Using the password policy feature works correctly if chain on update is enabled

On a Directory Server read-only consumer, the Password must be changed after reset password policy setting was not enforced because the flag for marking the user that must change their password is set on the connection itself. If this setting was used with the chain on update feature, the flag was lost. As a consequence, the password policy feature did not work. With this update, the server sets the flag on chain on update connections properly. As a result, the password policy feature works correctly. (BZ#1582092)

Improved performance when the fine-grained password policy is enabled in Directory Server

When a search evaluates the shadowAccount entry, Directory Server adds the shadow attributes to the entry. If the fine-grained password policy is enabled, the shadowAccount entry can contain its own pwdpolicysubentry policy attribute. Previously, to retrieve this attribute, the server started an internal search for each shadowAccount entry, which was unnecessary because the entry was already known to the server. With this update, Directory Server only starts internal searches if if the entry is not known. As a result, the performance of searches, such as response time and throughput, is improved. (BZ#1593807)

Directory Server now retrieves members of the replica bind DN group when the first session is started

Directory Server replicas define entries that are authorized to replicate updates to the replica itself.
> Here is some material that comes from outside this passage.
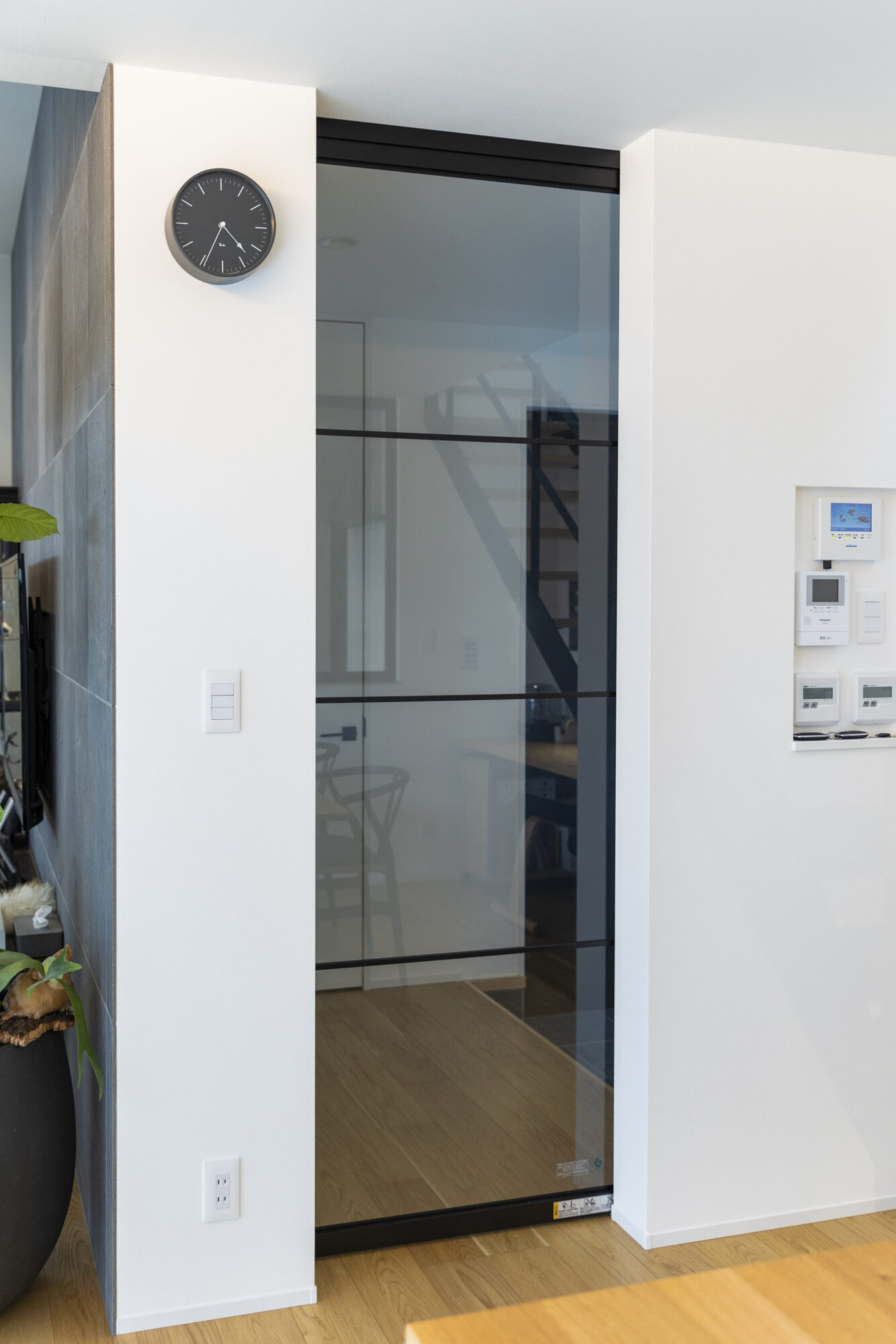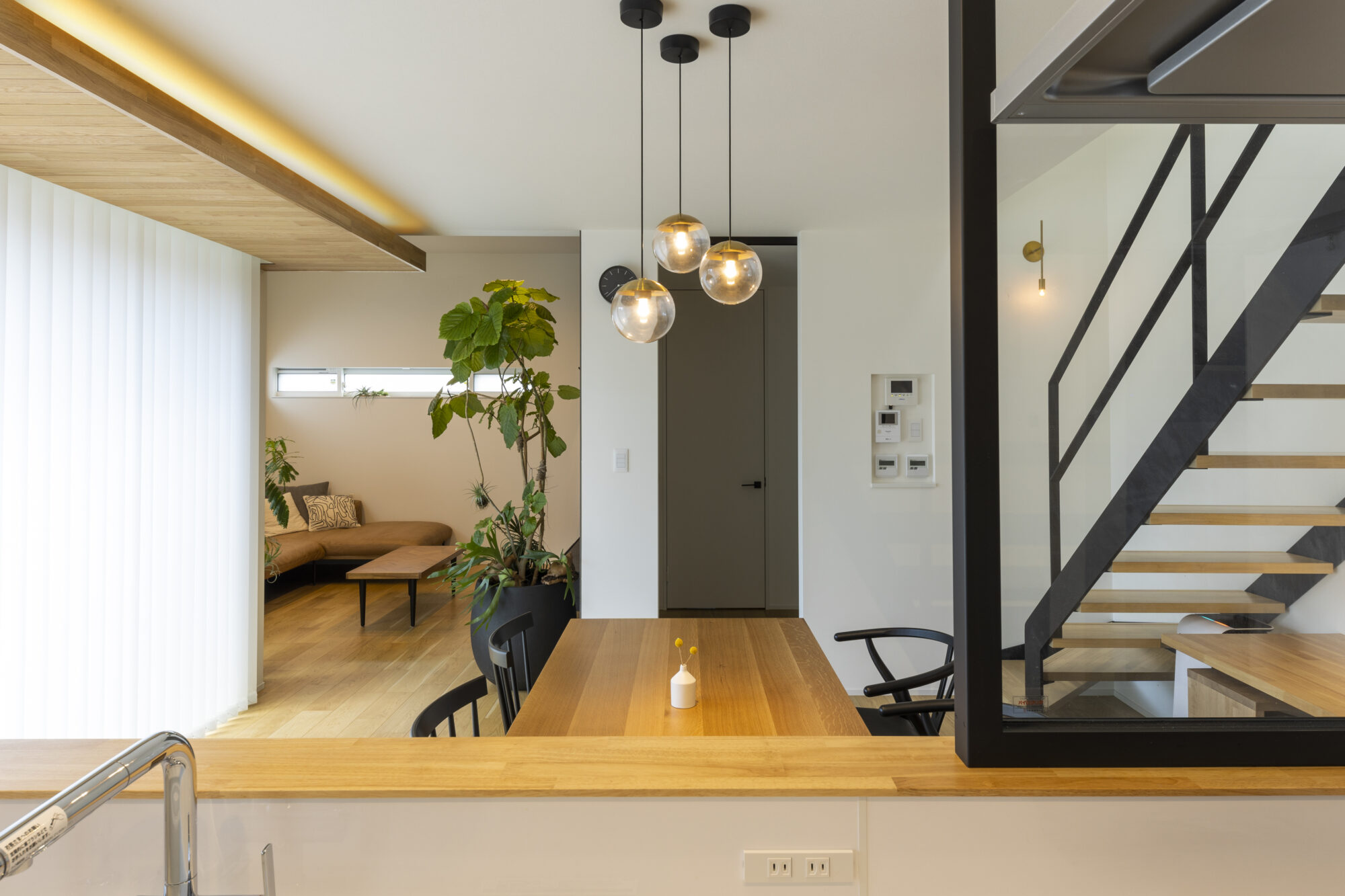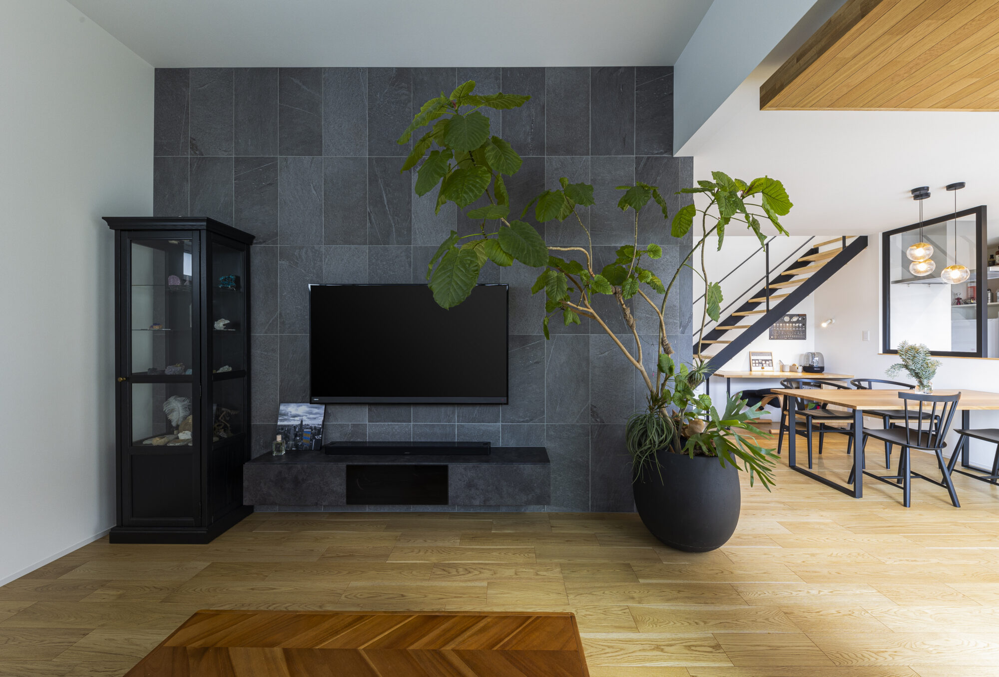 黒と木目、白を基調とした直線的なインテリアは、余計なものを削ぎ落としながらも落ち着いた雰囲気を漂わせ、そこに配した大きな観葉植物が、静けさに生命の息吹を添えています。

If the entries are members of the group set in the nsds5replicabinddngroup attribute, the group is retrieved periodically based on the interval set in the nsDS5ReplicaBindDnGroupCheckInterval attribute. If the entry is not a member at the time the server retrieves the group, any session that is authenticated using this entry is not authorized to replicate updates. This behavior remains until the entry becomes a member of the group and the server retrieves the group again. As a consequence, replication fails for the first interval set in nsDS5ReplicaBindDnGroupCheckInterval. With this update, the server retrieves the group when the first session is started rather than when the replica is created. As a result, the group is taken into account at the first attempt it is checked. (BZ#1598478)

Creating a Directory Server back end with the name default is now supported

Previously, the name default was reserved in Directory Server. As a consequence, creating a back end named default failed. With this update, Directory Server no longer reserves this name, and administrators can create a back end named default. (BZ#1598718)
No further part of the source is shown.